New Iranian Leader Finds Strength In Womanhood

Scheherezade Faramarzi Associated Press

Massoumeh Ebtekar’s face lights up when she lists the reasons she was chosen to become Iran’s most powerful woman.

The first female vice president of the Islamic Republic says her strategy of outdoing rivals in male-dominated Iran has been to “stand on my womanhood,” and use the gifts God gave women.

Ebtekar, 37, is one of seven vice presidents named by President Mohammad Khatami - who, with backing from female and young voters, beat a hard-line conservative rival by nearly 3-to-1 in May’s vote.

Sitting wrapped head-to-toe in a traditional black chador, Ebtekar spoke with The Associated Press - in the fluent English she learned as a child in the United States.

Her appointment as vice president in charge of the environment, she said, is a result of the 1979 Islamic revolution’s greater integration of women into social and political life.

She admits she will face resistance for “just being a woman,” but feels the climate now is right for Iranian women to achieve new goals.

The differences between men and women “are very delicate,” she said.

“Maybe men resort to power when they want to resolve a conflict.
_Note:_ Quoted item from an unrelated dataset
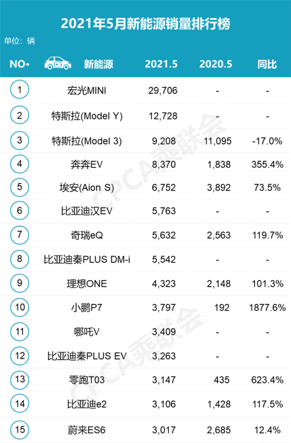 6月8日,乘聯(lián)會(huì)公布了5月國(guó)內(nèi)汽車銷量數(shù)據(jù)。意料之外的是,被負(fù)面新聞纏繞的特斯拉中國(guó),并沒(méi)有出現(xiàn)銷量大跌的情況,5月仍售出了33,463輛新車,較4月份的25,845輛增長(zhǎng)了29%。而意料之中的是,“五菱神車”宏光MINI EV以29,706輛的成績(jī),繼續(xù)占據(jù)榜首。

But women resort to logic - they try to somehow compromise,” she said. “I think that women should be proud of those blessings that they have.”

Ebtekar, a professor with a Ph.D. in immunology from an Iranian university, has an unenviable task before her as head of the environment: Iran’s capital long was considered among the world’s most polluted cities.

With a staff of 3,000 at the Environment Department, she says her priority is to encourage research and sensitize people - especially the young - to “engage them directly in the issue of preserving the environment.”

Ebtekar worries about dumping into the Caspian Sea from former Soviet republics and damage to the Gulf from oil spills in the 1991 Persian Gulf War. She said she also fears problems may arise from Western fleets - including U.S. ships - that still ply the Gulf.

Ebtekar spent six years in the United States. She was 3 years old when her parents went to Pennsylvania for university study, but she has never returned to the country Iranians commonly refer to as “The Great Satan.”

Ebtekar stressed that as a mother of two boys, she is especially qualified to be an environmentalist.

“I have a particular perspective on the future generations,” she said. “We should give them the right to look to a brighter future.

“This goes back a lot to being a mother … the creator.”